The lightning bolt idea.
The inflection point.
And yes—those moments matter.
They change things. They lift you forward.
But they are not how you became who you are.
You became who you are through the things no one clapped for.
Through the moves no one noticed.
The conversations no one heard.
The mornings you didn’t skip.
The process you didn’t abandon—especially when it was boring, thankless, or slow.
Real Life: Repetition Re-centered
During our most recent annual planning session, we looked at the goal:
$120,000,000 in real estate sales.
It might be doable. Maybe more than doable.
But the deeper we looked at it, the more we realized:
We were setting a goal based on things outside of our control.
Then Ariel—one of our team agents—brought us back to earth.
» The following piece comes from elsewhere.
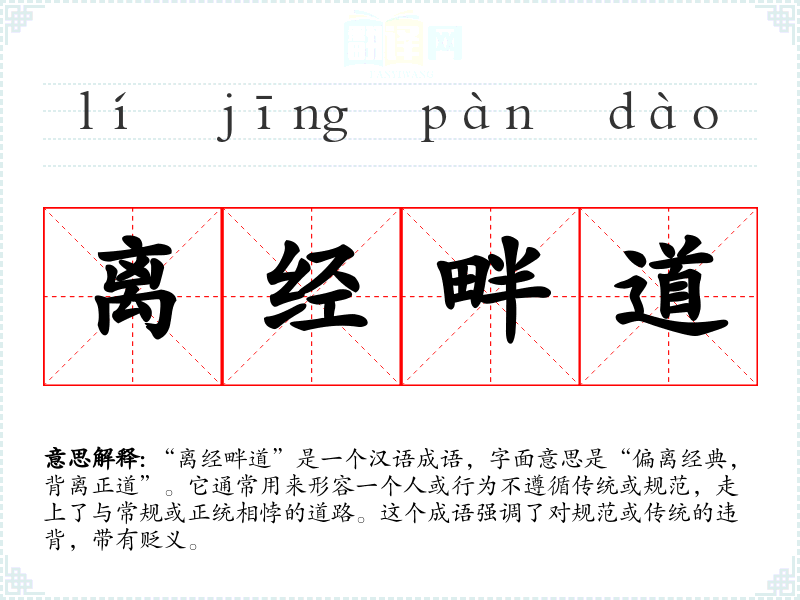 | 畔道离经 | 畔:通“叛”,违背。违背道德,脱离经典。指背离常规的思想或行为。 |

Check her out here she is great……
She asked:
“What are the things I can control… that I know I can do easily and daily, that should and will lead to results?”
And she reminded us.
“Open houses—we meet great people in great homes and have great conversations.”
“Social posting—people see us consistently, they know who we are and what we do. We control that. And consistency works.”
“Other people aren’t as good as us—but they show up consistently, and that’s why they get opportunities. Why not let us be consistently great?”
She wasn’t selling inspiration. She was offering repetition with intention.
And then she said something we all nodded to:
“We can choose to do these things—or choose not to. But these are the steps we control. So let’s take them.”
Open houses.
Daily social presence.
Staying in touch with our list—calls, handwritten notes, postcards.
This isn’t about farming. It’s about grounding.
About letting people know we’re here, one quiet, consistent, visible step at a time.
Repetition Isn’t Routine. It’s Remembrance.
Doing something over and over doesn’t make it robotic.
Done with presence, it makes it sacred.
Every good partnership is a repetition.
Every good parent wakes up to the same tasks.
Every great business is a sum of small acts repeated with care.
Repetition is not mindless. It’s reminder.
It tells the world—and more importantly, yourself—what matters to you. Your time and your focus.
You want to know what someone values?
Look at what they repeat when no one’s watching.
Look at what they protect in the silence.
When Consistency Becomes Identity
At some point, the daily things you do are no longer about results.
They’re about alignment.
You send the text. You show up for the meeting. You make the bed. You start the day with stillness. You return the call. You walk the stairs.
Not because of what it earns. But because of who it makes you.
Because anything you do often enough becomes part of how you carry yourself through the world.
Not all repetition is productive, of course.
There’s ritual that deadens. There’s repetition that numbs.
But when the thing you repeat connects back to something deeper?
When the rhythm serves the intention?
That’s not routine. That’s power.
Don’t Confuse Drama With Depth
There are people who jump from moment to moment, chasing intensity, validation, adrenaline.
They only move when it’s big, or when it’s urgent, or when it’s impressive.
And yet—their lives don’t move.
They don’t grow.
They don’t compound.
Because real growth is not dramatic.
It’s built in the silence.
In the showing up when nothing is happening.
In the tiny moments that compound into character.
Walking Down Stairs Is Repetition With Direction
That’s what this whole metaphor was always about.
You don’t launch down the staircase and land at the bottom in glory.
You walk. One step. Then another. Then another.
You don’t overthink it. You don’t choreograph it. You just go.
But you do it with presence.
With balance.
With attention.
That’s repetition with integrity.
That’s movement with trust.
Try This
This isn’t a productivity challenge.
This isn’t about streaks or discipline hacks.
This is about what you repeat because it’s real—because it reflects who you are and who you want to become.
Ask yourself:
What do I already do every day without applause—but with quiet purpose?
What repetition brings me back to myself?
What small action could I recommit to—not to impress, but to align?
Then commit.
Do it again.
Then again.
Then again.
Not because it’s flashy.
But because it’s true.
But be sure to not just do it in business….which is important yes…..but remember…..Family first.